[Stored dataset items]
+ + + +

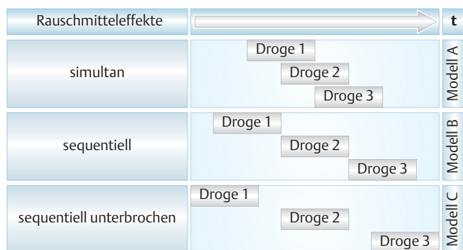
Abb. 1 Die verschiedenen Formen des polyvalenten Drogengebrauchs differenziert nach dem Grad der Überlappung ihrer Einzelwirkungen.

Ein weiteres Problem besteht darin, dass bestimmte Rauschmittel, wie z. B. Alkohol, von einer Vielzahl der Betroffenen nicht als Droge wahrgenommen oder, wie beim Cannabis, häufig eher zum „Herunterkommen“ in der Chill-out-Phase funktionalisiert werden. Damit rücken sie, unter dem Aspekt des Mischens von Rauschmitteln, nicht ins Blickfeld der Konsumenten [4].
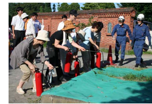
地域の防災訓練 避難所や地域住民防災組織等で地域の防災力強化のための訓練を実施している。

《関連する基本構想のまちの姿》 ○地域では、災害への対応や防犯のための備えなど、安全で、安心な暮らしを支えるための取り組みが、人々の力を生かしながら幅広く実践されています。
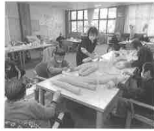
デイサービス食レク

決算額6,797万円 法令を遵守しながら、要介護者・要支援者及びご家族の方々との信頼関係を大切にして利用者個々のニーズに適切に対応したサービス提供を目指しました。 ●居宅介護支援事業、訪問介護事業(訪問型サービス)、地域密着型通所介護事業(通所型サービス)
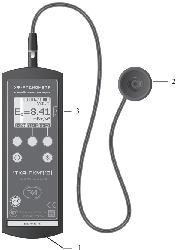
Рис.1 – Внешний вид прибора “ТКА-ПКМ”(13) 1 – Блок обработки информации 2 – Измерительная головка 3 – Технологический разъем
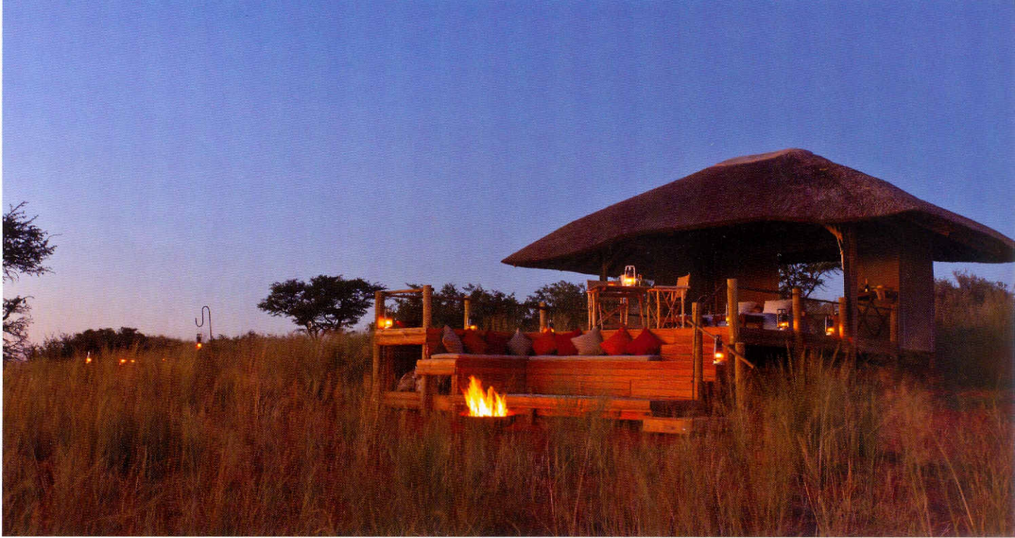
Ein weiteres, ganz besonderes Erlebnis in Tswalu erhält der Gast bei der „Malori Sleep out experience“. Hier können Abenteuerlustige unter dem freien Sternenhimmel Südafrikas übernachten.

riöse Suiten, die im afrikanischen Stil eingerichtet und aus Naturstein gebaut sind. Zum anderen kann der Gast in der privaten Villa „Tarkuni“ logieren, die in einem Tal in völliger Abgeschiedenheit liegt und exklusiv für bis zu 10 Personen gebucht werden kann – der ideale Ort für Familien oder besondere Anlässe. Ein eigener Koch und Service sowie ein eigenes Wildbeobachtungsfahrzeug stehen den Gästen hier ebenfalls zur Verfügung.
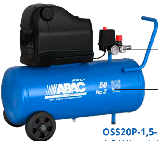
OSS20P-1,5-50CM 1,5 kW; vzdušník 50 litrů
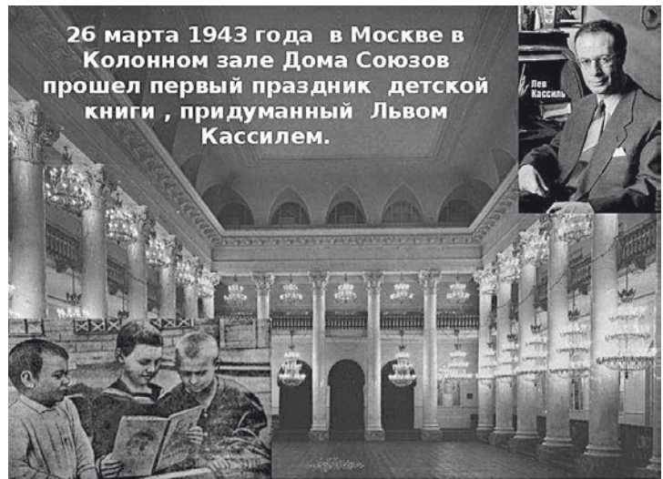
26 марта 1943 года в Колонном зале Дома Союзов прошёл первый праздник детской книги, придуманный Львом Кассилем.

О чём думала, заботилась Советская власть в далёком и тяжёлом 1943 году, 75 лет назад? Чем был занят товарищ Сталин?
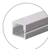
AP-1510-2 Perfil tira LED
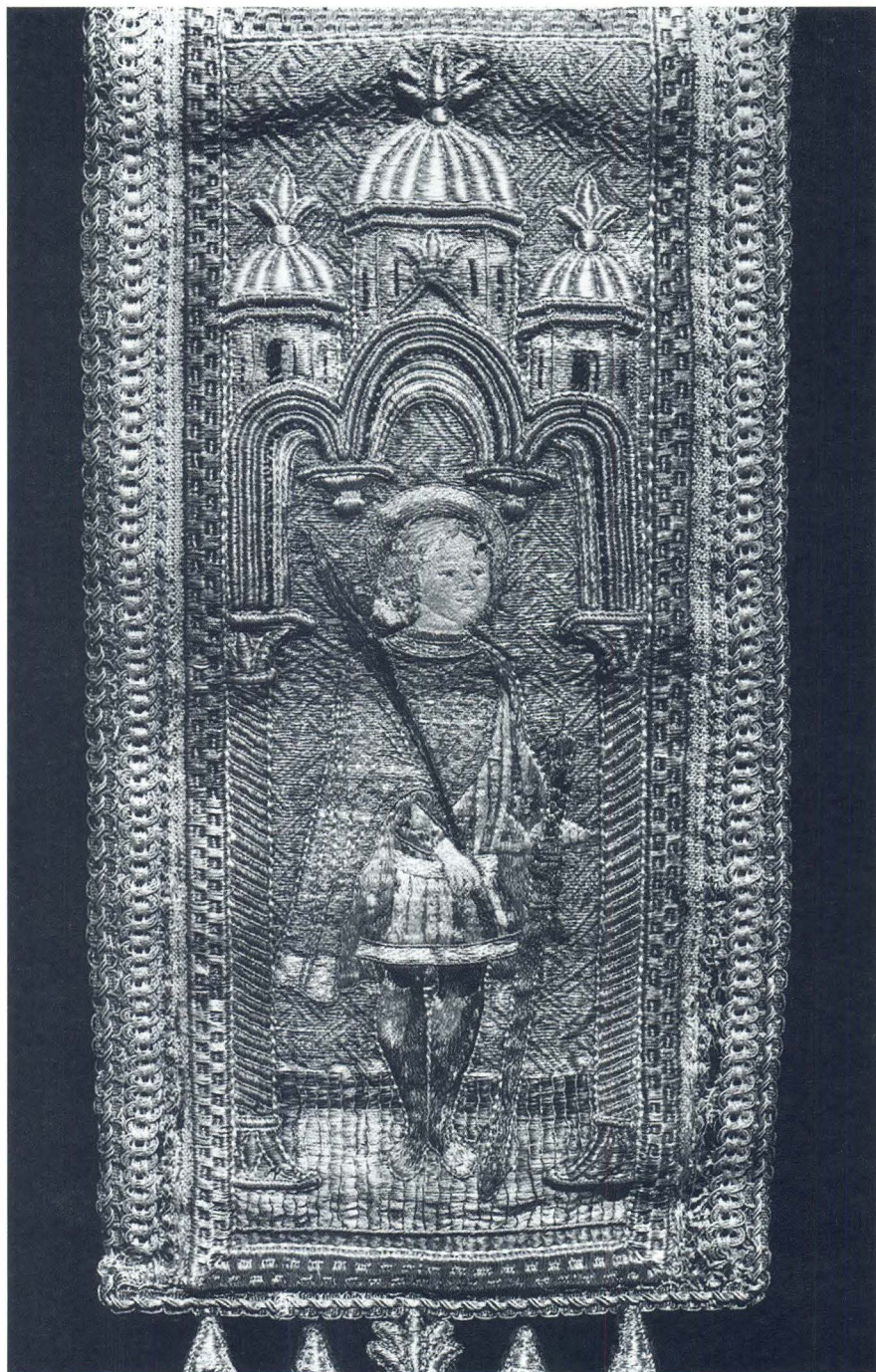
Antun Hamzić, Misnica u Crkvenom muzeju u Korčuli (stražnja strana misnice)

+ + + +

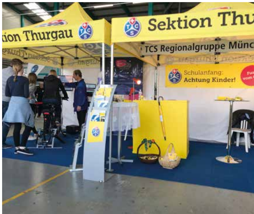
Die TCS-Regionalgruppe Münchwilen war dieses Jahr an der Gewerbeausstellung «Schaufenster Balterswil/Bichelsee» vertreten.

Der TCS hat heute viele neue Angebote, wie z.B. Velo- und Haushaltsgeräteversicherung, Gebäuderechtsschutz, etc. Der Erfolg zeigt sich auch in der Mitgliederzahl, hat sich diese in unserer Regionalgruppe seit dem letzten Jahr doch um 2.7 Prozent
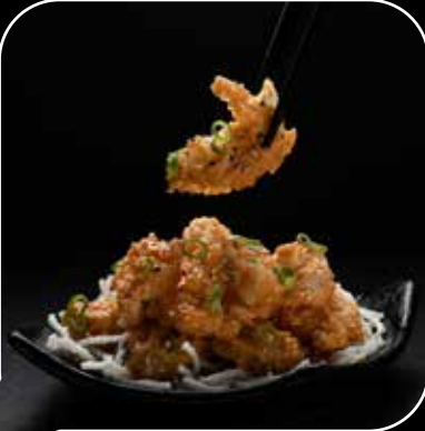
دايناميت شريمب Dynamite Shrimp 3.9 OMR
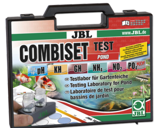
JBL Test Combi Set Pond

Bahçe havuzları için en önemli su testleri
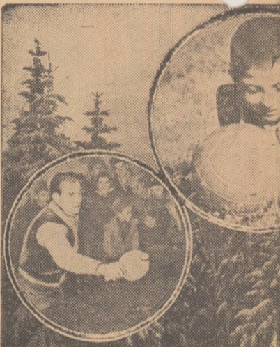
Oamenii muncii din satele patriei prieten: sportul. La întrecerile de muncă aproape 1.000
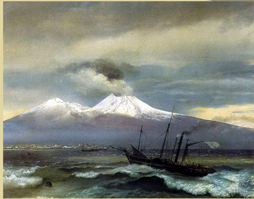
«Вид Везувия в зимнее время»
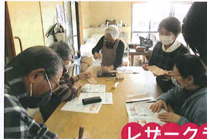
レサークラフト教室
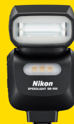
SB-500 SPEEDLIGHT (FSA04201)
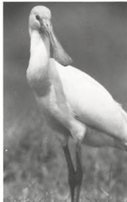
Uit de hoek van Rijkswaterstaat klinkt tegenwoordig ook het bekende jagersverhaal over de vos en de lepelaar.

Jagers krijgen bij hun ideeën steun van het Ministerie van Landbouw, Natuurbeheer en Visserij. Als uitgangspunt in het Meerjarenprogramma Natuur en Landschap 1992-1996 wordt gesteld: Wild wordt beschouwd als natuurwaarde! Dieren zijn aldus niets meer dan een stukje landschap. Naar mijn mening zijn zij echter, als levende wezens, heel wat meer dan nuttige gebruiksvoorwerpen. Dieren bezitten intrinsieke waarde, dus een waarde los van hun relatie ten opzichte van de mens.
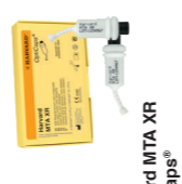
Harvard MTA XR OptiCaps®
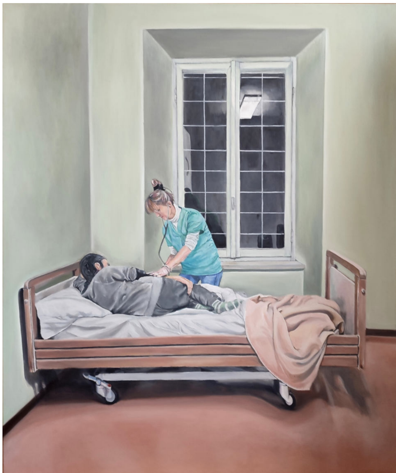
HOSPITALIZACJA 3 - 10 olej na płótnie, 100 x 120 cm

+ + + +

→ Problem requirements: Reproduce the lines above beginning at the line that contains "Jagers krijgen bij" and ending at the line that contains "HOSPITALIZACJA 3 - 10". No pictures.

→ Answer box:
Jagers krijgen bij hun ideeën steun van het Ministerie van Landbouw, Natuurbeheer en Visserij. Als uitgangspunt in het Meerjarenprogramma Natuur en Landschap 1992-1996 wordt gesteld: Wild wordt beschouwd als natuurwaarde! Dieren zijn aldus niets meer dan een stukje landschap. Naar mijn mening zijn zij echter, als levende wezens, heel wat meer dan nuttige gebruiksvoorwerpen. Dieren bezitten intrinsieke waarde, dus een waarde los van hun relatie ten opzichte van de mens.
Harvard MTA XR OptiCaps®
HOSPITALIZACJA 3 - 10 olej na płótnie, 100 x 120 cm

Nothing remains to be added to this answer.